I started collecting Hockey cards for awhile and then got into woodworking(Flat Work) I was in the CB(That's how we communicated before cell phones....hehe) world for a long time as well and then it happened....PENTURNING...And then I was really hooked......And that's about it.....


----------



## walshjp17 (Jun 22, 2014)

As a kid, coin and stamp collecting
While in the Navy, running (until I blew out my knees and got fat).  Ran the Marine Corps Marathon in '82 in 3:29:29.  Can't run a block now.
While the kids were young, Soccer: coaching them, playing in the over-30 league, running the local soccer club, refereeing and scheduling referees for adult leagues
Collecting small owl figurines (until we asked ourselves why?)
Cooking
Wine collecting (until I ran out of money and got drunk)
Woodturning/pens
Traveling


----------



## Dale Lynch (Jun 22, 2014)

I use to collect straight razors and shaving brushes.Never got too many,It gets damned expensive.


----------



## flyitfast (Jun 22, 2014)

For 50 years I collected paychecks, hoping to find a special one, but never did find one that was worth much............
I've also collected "gimmee" hats - close to 500. I've always loved the P-51 aircraft and have close to 60 die-cast models. Also, I've collected the complete Texaco set of die-cast corporate airplanes.
I have a lot of San Antonio Spurs souvenirs, especially the last week or so.
Mostly now, I collect tools, but my collection is far from complete!!!  Sigh!!!
gordon


----------



## butchf18a (Jun 22, 2014)

There's been a few, most of which I still do after 60 trips around the sun. Primary rule of life, "if bored its your own fault"
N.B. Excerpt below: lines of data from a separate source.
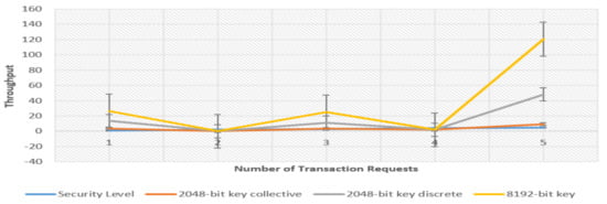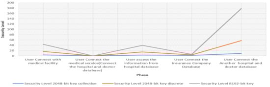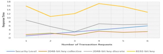 The specific field in which the current method was implemented involved the following: We used the system configuration for the simulation of 16 GB RAM with an i5 core processor @2.30GHz and Ubuntu 20.04 operating system. Python was used for cryptographic technique implementation, and simulations were performed using the PyNaCl, cryptography, and pyOpenSSL libraries. We applied 30 blockchain nodes to perform the communications. Each node was mounted on a simulation machine based on [29] and run on an independent port from the host. On an Ubuntu 20.04 computer, we developed 30 identical Ubuntu 20.04 computer labs to deploy the other 29 blockchain nodes. This computer was designed based on [30] with 16 GB RAM, an i5 core processor @2.30GHz, and Ubuntu 20.04 operating system. We designed the laboratory setup using the 16 GB RAM and Ubuntu 20.04 operating system. All systems were connected using the LAN network. The computation time for the proposed framework with dissimilar security levels are presented in Figure 6.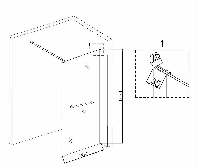 Исполнение полотна перегородки: прозрачное закаленное стекло, толщиной 6 мм.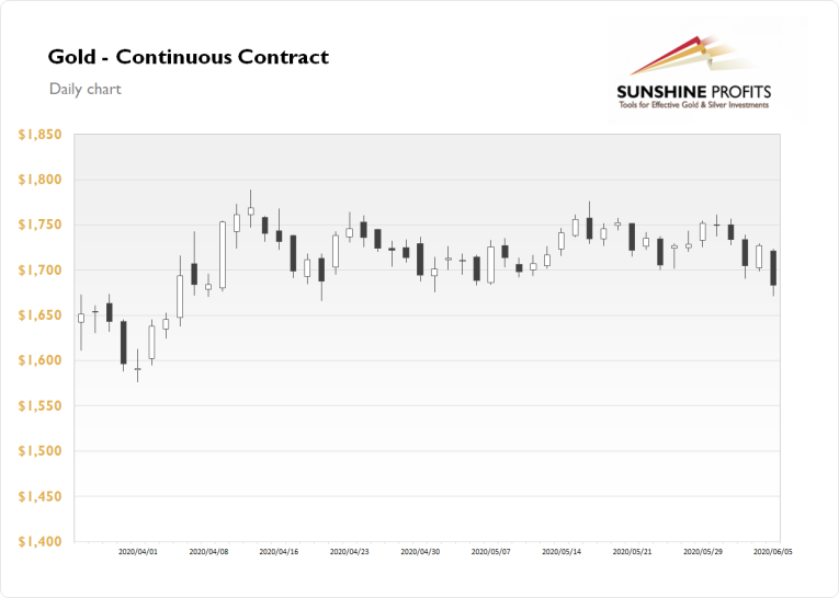 The gold futures contract lost 2.57% on Friday following much better than expected U.S. monthly jobs data release. Global markets went risk-on and gold has sold off as a safe-haven asset. On Monday a week ago the price has reached slightly above $1,760 and Friday’s daily low fell at $1,671.70. Gold is trading at the bottom of its medium-term consolidation, as we can see on the daily chart:

Designing, building, flying, competitive model airplanes.
Bicycle racing.
Sky diving.
Competitive aerobatics.
Photography
Backgammon (competitively but don't win all that often)
Geocaching
Wood working, jewelry boxes, backgammon boards, cribbage boards, cabinetry, marquetry, pen turning of course.
Music; percussion
Sports; Baseball, football, soccer, scuba, snorkel, run (1marathon but never again) mostly 5k's now
Competitive darts
Learned to fly, U.S. Marine fighter pilot, airlines, now fly private corporate jet (sitting in paris at the moment)

Somewhere in there I've managed to travel to all 50 states, over 30 countries, every continent except Antarctica. Most importantly raised two sons with same woman for 33 years. Guess by now I should be tired. I was once asked why I don't slow down? Frankly I Don't have the time.


----------



## skiprat (Jun 22, 2014)

My wife says I've been collecting crap for years....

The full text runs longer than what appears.